History by Magazine -- Seeing our future from 1993
Prescience? Rolling Stone likes the rise of the young 'Butthead Generation' making journalism less dull and George Gilder sees newspapers of the future being delivered digitally over optic cables.
My weekly take on America's news, culture and ideas -- from exactly 30 years ago. From 1989 to 2007, during the last Golden Age of print, I wrote a weekly newspaper column about what I found interesting, provocative or ideologically subversive in the incredibly diverse and powerful world of magazines. This one appeared in the Pittsburgh Post-Gazette 30 years ago this week.
In defense of the Butt-head generation
Nov. 11, 1993
The young are abandoning conventional journalism in stunning and accelerating numbers."
That statement by Rolling Stone media critic Jon Katz in "The Media's War on Kids" is grim old news to those who own and operate newspapers, news weeklies and the commercial TV networks.
But Katz says that it's no accident that so many young people tune-out venerable mainstream media and instead tune-in to upstart alternatives, such as the weekly entertainment paper In Pittsburgh or MTV.
Rock, rap, computers, video games and cable — young people now create, control and love these new multimedia choices. Which is why our pop culture is dominated by the likes of Snoop Doggy Dogg and Beavis and Butt-head and not Perry Como and Mr. Magoo.
Meanwhile, Katz says, the traditional sources of journalism have badly missed the boat when it comes to kid culture. They've not merely ignored and alienated younger consumers by resisting changes in the way they present news or their definition of what news is.
More important, they've trashed youth culture at every opportunity for either being repulsive or dangerous to civilization.
Youth-bashing is a trend as old as Socrates. But Katz, who's extra tough on the academic, corporate and editorial old fogies and school marms who dominate journalism, says it should be obvious to more pundits than just Kurt Andersen of Time magazine that "the essence of youth culture is to be distinct from, even repulsive to, the old. Otherwise, what's the point?"
Katz's attack on traditional journalism is unrelenting it's an institution that's hypocritical, out of touch, lazy, boring and takes itself far too seriously. Much of what he charges is true, but old journalism couldn't possibly be as monolithically myopic or youth-trashing as he makes it out to be.
Katz's argument is provocative and, despite his failings, much of it rings true.
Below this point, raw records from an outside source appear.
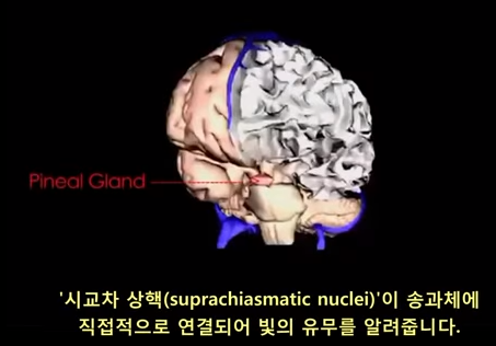 송과체는 빛에 민감하여 멜라토닌이 밤에만 생성되는데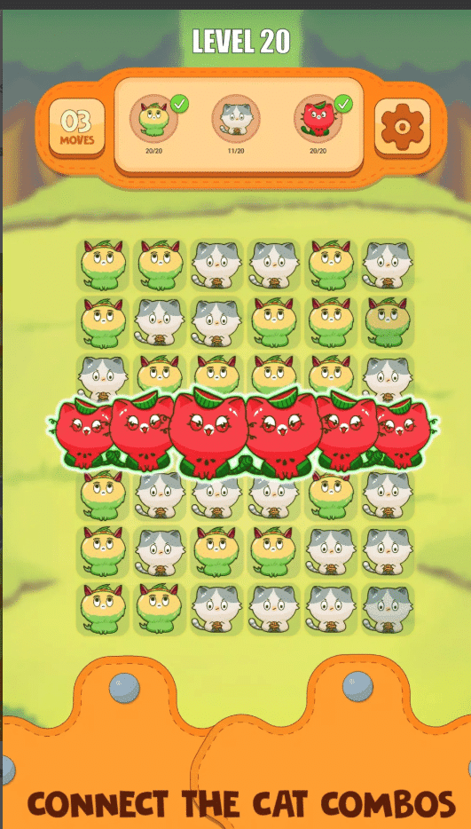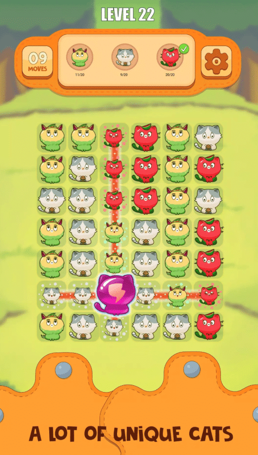 The core gameplay is based on connect-two matching mechanics, making it incredibly easy to learn while still offering rewarding progression. Players link matching cats, clear the board, and move forward through unlimited levels that slowly increase in complexity.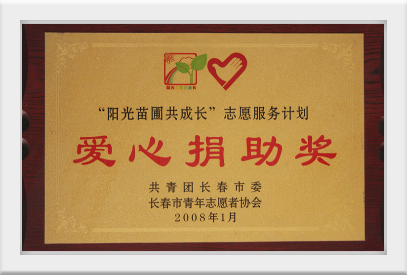 2008年1月獲得“陽(yáng)光苗圃共成長(zhǎng)”志愿服務(wù)計(jì)劃愛(ài)心捐助獎(jiǎng)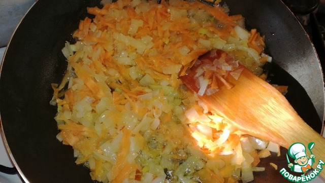 Морковь натереть на крупной тёрке. Лук порезать кубиком. Обжарить вместе на сковородке в небольшом количестве подсолнечного масла. Посолить и поперчить по вкусу.

But he'd make a better case if he were willing to admit the truth that many aspects of the youth culture he celebrates are objectively repulsive, stupid and not very entertaining, no matter how much they annoy aging Baby Boomers and their terrified parents.
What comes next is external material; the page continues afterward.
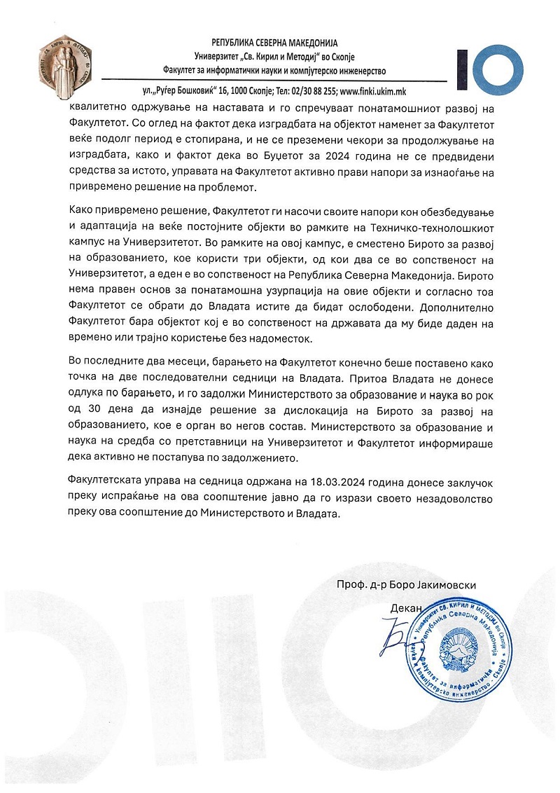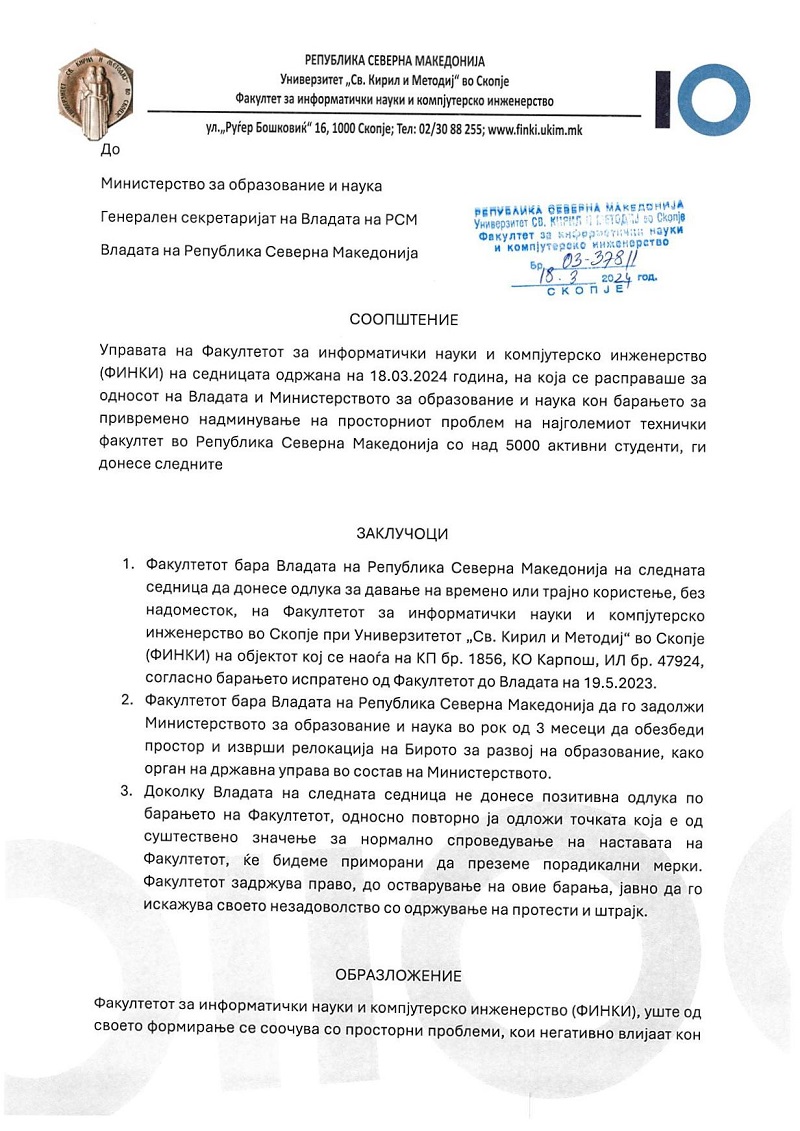 На седницата на Управата на ФИНКИ одржана денеска, на која се расправало за односот на Владата и Министерството за образование и наука кон барањето за привремено надминување на просторниот проблем на факултетот, биле донесени следните заклучоци:

P.S. Maybe Time magazine is becoming more in-hip with the Youth Culture than anyone realizes, including Katz.
In his review of "Live From Hell," a newly released and perfectly titled comedy album by the late Sam Kinison, house entertainment critic Richard Corliss is awfully kind to America's former Satan of Bad Taste and Political Incorrectness.
Incredibly, Corliss — risking his future as a trusted adult cultural critic but weakening Katz's arguments — brings himself to admit, albeit grudgingly and apologetically, that "sometimes" Kinison "is funny." He's also safely dead.
Newspapers may have severe demographic problems, but ASAP, Forbes' quarterly magazine that exists to explain new information technologies to business executives, offers newspaper owners some much-appreciated hope for the future.
The good news comes courtesy of future-media guru George Gilder.
A regular contributor to the tech magazine ASAP, he wrote "Microcosm" and is in the process of writing "Telecosm," a book that promises that advancing technology and cheaper computer power will make everyone's future freer, cheaper and better.
In "Digital Darkhouse — Newspapers," Gilder says that newspapers — and not TVs, as many think — are perfect complements to the computer because they are uniquely personalized media that let their readers "choose, peruse, sort, queque and quaff the news and advertising copy at their own pace and volition."
He says "News today is collected, edited and laid out digitally. In fact, newspapers and computers are converging, while computers and televisions still represent radically different modes. It is the newspaper, therefore, not the TV, that is best suited for the computer age."
The paper of the future, Gilder explains, will be delivered electronically via fiber optic cables and be displayed on flat, one-pound digital newspanels that will be connected to data banks all over the world.
It'll look just like a page from a newspaper, and it'll even have ads. The only problem will be teaching all the old folks how to turn to the obituary page. ".